Я хорошо вижу, что любовь завлечет тебя в новую ловушку; в твоем письме есть единственно правильные слова: «Я женюсь на этой девушке, потому что это единственное средство обладать ею». А когда ты разлюбишь ее, Жак, что с ней будет? Ведь настанет день, когда тебе надоест твоя любовь так же сильно, как сейчас ты жаждешь предаться своей страсти. Чем эта любовь отличается от других твоих романов? Неужели ты так изменился за последний год, что нынче способен на постоянство – свойство, самое ненавистное твоей душе? Чему ж иному может быть обязана любовь, которая выдерживает испытание интимной близостью? Ты способен понять, изведать, сделать очень многое, даже то, что люди почитают невозможным; однако ж то, что очень легко для многих и вполне возможно для иных, для тебя Господь сделал совершенно невозможным, словно желая умалить тяжким уродством великие щедроты, которые он ниспослал тебе. Ты не можешь терпеть слабостей человеческих – вот твоя слабость, вот в чем тебе отказано и чем тебя обидел Господь, хоть ты и можешь похвастаться сильным характером; вот в чем ты наказан за то, что не знал несчастий и горестей обычных людей.

И ты прав, Жак! Я всегда тебе говорила, что ты совершенно прав, не желая ничего прощать замаранным людям; ты прав, когда замыкаешь свое сердце, увидев пятно грязи на предмете своей любви! Тот, кто прощает, унижает себя! Я-то, несчастная женщина, хорошо знаю, как душа теряет свое величие и святость, если простирается ниц перед оскверненным идолом. Рано или поздно она разобьет алтарь, на который вознесла своего ложного бога; но совершит она это справедливое дело не с холодным спокойствием: от ненависти и отчаяния дрожит рука, держащая весы правосудия. Месть выносит приговор… О, тогда уж лучше родиться без сердца, чем познать любовь!

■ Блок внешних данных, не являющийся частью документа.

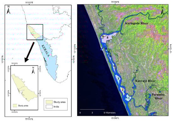 All of these findings imply that location specific research is needed to forecast the amount of ecological and geomorphologic changes that is happening in these ecosystems [11]. Recent innovations in data analytics, advancement in technologies, and theories in the area of remote sensing (RS) and geospatial information technologies have provided researchers with numerous opportunities to enrich their studies on the coastal environment [12,13,14]. Remote sensing (RS) is the process of proximal detecting and monitoring the characteristics of an object/area based on the data acquisition from satellite or airborne images, and GIS is a software tool for mapping and analyzing data, which will assist in proper interpretation [15,16,17]. Integration of these advanced techniques such as the Geographical Information System (GIS) and Remote Sensing (RS) proved to be an exceptionally useful method for assessing the physical changes in landform, because it is simple to have wide coverage with synoptic and recurring data (database from multispectral sensors with high resolution at spatial and temporal scales) and, most importantly, at a lower cost than other conventional methodologies [4,18,19]. The UN SDGs advocate the need for natural resources to be sustained to prevent further deterioration and degradation of these coastal ecosystems. In the face of deteriorating environmental conditions, regular monitoring, comprehensive investigation, and assessment of changes in natural resources become imperative. By keeping all these points in mind, in the present study, we attempted to understand the morphological changes in the shoreline and these coastal islands, to foster a comprehensive and systematic approach to conserve the resource from further degradation in the Kavvayi wetland.
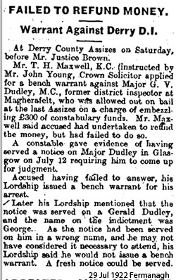 1921. Dudley surfaces again in late 1921 at Magherafelt, between Belfast and Londonderry, where he allegedly embezzled £300 of expenses, due to other policemen. As a result he skipped the country to Glasgow where his wife and family were living. He was arrested and taken back to Dublin in the Spring of 1922. The result of his trial is unknown.
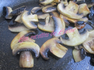 Eplucher et couper en lamelles les champignons. Faites les revenir dans le beurre de façon a ce que toute l’eau s’évapore

Ты сильный человек, ты умеешь хранить тайны других, прикрывая чужие проступки щитом молчания; ты великодушно подаешь руку павшему, ты помогаешь ему встать, стряхиваешь грязь с его одежды, стираешь даже след его падения на твоей дороге, но ты перестаешь любить этого человека. В тот день, когда ты начинаешь прощать, любовь твоя угасает. И я тебя видела в такие дни. Ах, как ты страдал! Неужели ты еще раз подвергнешь себя мучению, которое ты назвал «болью милосердия»?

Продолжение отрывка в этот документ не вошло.